(Given material Opens)
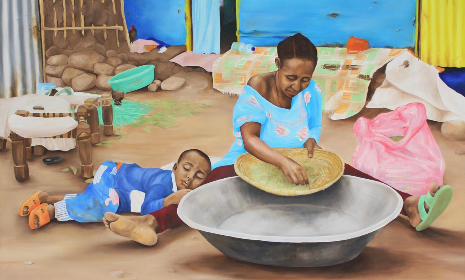 Catherine Chambers is a London-based artist whose works are filled with places and people from her experiences of living abroad in Ethiopia and the Middle East.
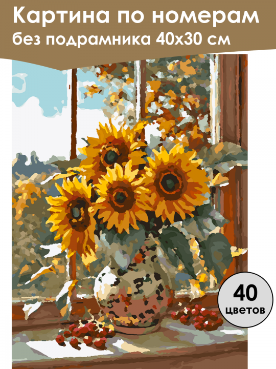 Картина по номерам без подрамника, размер 40х30 см, произведена нами. Она включает 40 оттенков и 2565 контуров, что придаёт ей глубину цвета и плавные переходы. Картина выглядит более ярко и живо. В комплект входит глянцевый лак, которым можно покрыть работу по желанию. Краски имеют хорошую укрывистость, хватает двух проходов что бы закрасить символы на схеме. Так же они сохраняют текстуру мазков, не растекаясь и не разглаживаясь полностью на холсте. При покрытии глянцевым лаком создаётся эффект приближенный к масляной живописи. Краски упакованы герметично, что сохраняет их жидкими. Все необходимые инструменты для начала работы также входят в комплект. Мы не используем экосольвентные чернила, которые содержат свинец и могут быть вредны для здоровья. Наши картины напечатаны безопасными водными пигментными чернилами, обеспечивающими чёткое изображение и легко читаемые обозначения. Холст плотный, имеет мелкую зернистость, легко разглаживается и устойчив к сминанию. Картина поставляется в бурой коробке. Следует отметить, что картина без подрамника её нельзя натянуть на подрамник из-за узких краёв, она предназначена для оформления в рамочку. Натюрморт с подсолнухами в вазе на фоне окна, за которым видно яркое осеннее пейзаж с золотыми листьями; картина выполнена в стиле масляной живописи с мягкими и плавными мазками, создающими уютную и тёплую атмосферу.
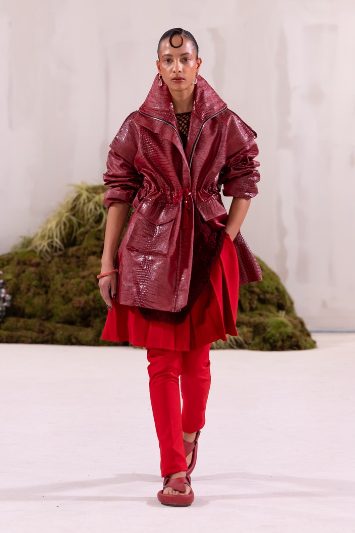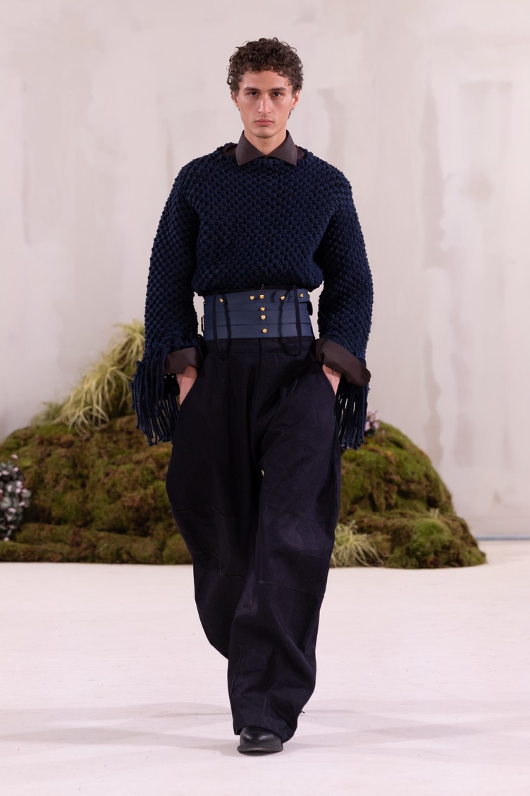 Die Kollektion „Backyards of Memory“ von Orange Culture ist als Fortsetzung der vorherigen zu verstehen, die der verstorbenen Mutter des Designers Adebayo Okelawal gewidmet war. In den aktuellen Designs verarbeitet der Designer Themen wie Nostalgie, Kindheit und Orte – etwa Hinterhöfe -, die uns über Jahre hinweg prägen. Der Fokus lag auf Handarbeit und besonderen Texturen, vor allem zu sehen in den zahlreichen Ton-in-Ton-Looks, Kleidern aus Makramée und Crochet, handgefärbten Stoffen, farbenfrohen Prints, Fransen-Sweatern, von Hand plissierten Schlaghosen sowie gewebten Accessoires.
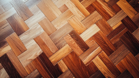 Top view of a parquet wooden floor with intricate geometric patterns, offering a timeless and stylish background
(Given material Closes)
Return the listing verbatim; pictures are not part of the copy.

 Catherine Chambers is a London-based artist whose works are filled with places and people from her experiences of living abroad in Ethiopia and the Middle East.
 Картина по номерам без подрамника, размер 40х30 см, произведена нами. Она включает 40 оттенков и 2565 контуров, что придаёт ей глубину цвета и плавные переходы. Картина выглядит более ярко и живо. В комплект входит глянцевый лак, которым можно покрыть работу по желанию. Краски имеют хорошую укрывистость, хватает двух проходов что бы закрасить символы на схеме. Так же они сохраняют текстуру мазков, не растекаясь и не разглаживаясь полностью на холсте. При покрытии глянцевым лаком создаётся эффект приближенный к масляной живописи. Краски упакованы герметично, что сохраняет их жидкими. Все необходимые инструменты для начала работы также входят в комплект. Мы не используем экосольвентные чернила, которые содержат свинец и могут быть вредны для здоровья. Наши картины напечатаны безопасными водными пигментными чернилами, обеспечивающими чёткое изображение и легко читаемые обозначения. Холст плотный, имеет мелкую зернистость, легко разглаживается и устойчив к сминанию. Картина поставляется в бурой коробке. Следует отметить, что картина без подрамника её нельзя натянуть на подрамник из-за узких краёв, она предназначена для оформления в рамочку. Натюрморт с подсолнухами в вазе на фоне окна, за которым видно яркое осеннее пейзаж с золотыми листьями; картина выполнена в стиле масляной живописи с мягкими и плавными мазками, создающими уютную и тёплую атмосферу.
 Die Kollektion „Backyards of Memory“ von Orange Culture ist als Fortsetzung der vorherigen zu verstehen, die der verstorbenen Mutter des Designers Adebayo Okelawal gewidmet war. In den aktuellen Designs verarbeitet der Designer Themen wie Nostalgie, Kindheit und Orte – etwa Hinterhöfe -, die uns über Jahre hinweg prägen. Der Fokus lag auf Handarbeit und besonderen Texturen, vor allem zu sehen in den zahlreichen Ton-in-Ton-Looks, Kleidern aus Makramée und Crochet, handgefärbten Stoffen, farbenfrohen Prints, Fransen-Sweatern, von Hand plissierten Schlaghosen sowie gewebten Accessoires.
 Top view of a parquet wooden floor with intricate geometric patterns, offering a timeless and stylish background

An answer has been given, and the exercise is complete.